Obama’s re-election is the manifestation of the sentiment that the economy he inherited couldn’t be fixed in four years, Zanzer Anderson said. The Elkhart woman is active in the Indiana Democratic Party and attended the Democratic National Convention in Charlotte, N.C., as a delegate.

“I would say the people spoke — you couldn’t fix this mess in four years,” she said. With Obama, the country is on “the right track.”

She had no doubt Obama would win last Tuesday, calling the Democratic Party the more inclusive of the two main parties, but now worries about gridlock. “We’ve got to start working together and stop demonizing each other,” she said.


Romney understands business and the difficulties they face, but Obama doesn’t, not like the Republican anyway, said Carol McDowell. She’s a Romney backer — attended the GOP National Convention in Tampa, Fla., in August as a delegate — and runs an electroplating business, McDowell Enterprises.

Income taxes on inventory, in addition to a company’s revenue, can crush a business and Romney would have been more sympathetic to calls in the sector for change. Thus, with Obama’s re-election, she’s worried.

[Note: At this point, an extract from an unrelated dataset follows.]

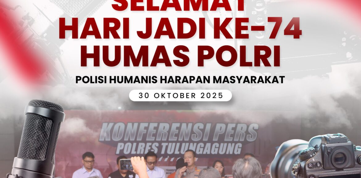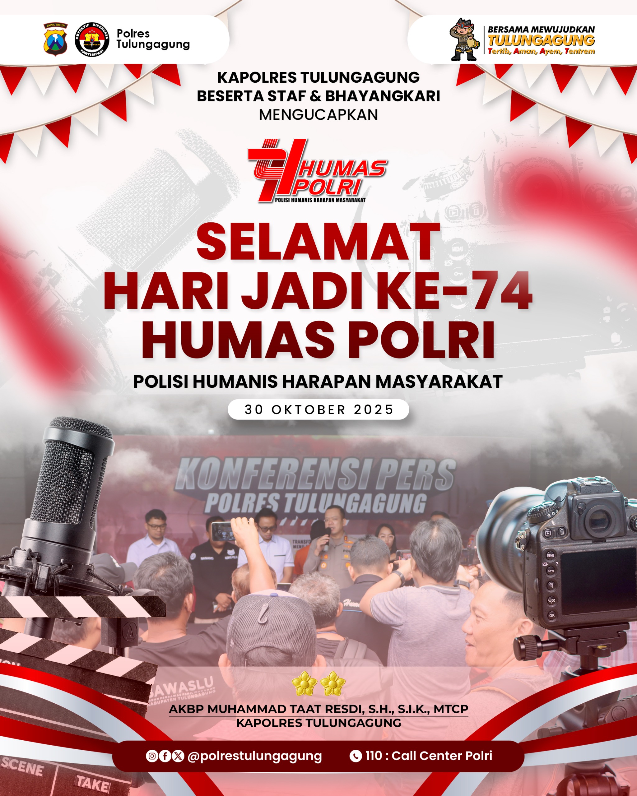 Tulungagung,potretnusantara.web.id – 30 Oktober 2025 – Dalam rangka memperingati Hari Jadi ke-74 Humas Polri, Kapolres Tulungagung AKBP Muhammad Taat Resdi, S.H., S.I.K., MTCP beserta staf dan Bhayangkari menyampaikan ucapan selamat dan apresiasi kepada seluruh jajaran Humas Polri atas dedikasinya dalam menjaga citra dan kepercayaan publik terhadap institusi kepolisian.

“Some of the people have been with me for 25 years,” McDowell said. “I don’t want to go in there and say you have to find a new job ... I worry about the future of small business in America, I really do.”

She wants an end to gridlock in Washington, D.C., but is skeptical it’s in the offing.


Jeff Olson, a truck mechanic, is a split-ticket voter. He voted for Democrat Joe Donnelly, who won his U.S. Senate race, but when it came to the presidential contest, he cast his lot with Romney.

The economy was sluggish under Obama and it hasn’t improved, at least not to the level he promised.

“I think we’re going to have four more years of what we’ve got,” Olson said. “I think it’ll be four tough years.”

Reporter Sharon Hernandez contributed to this story.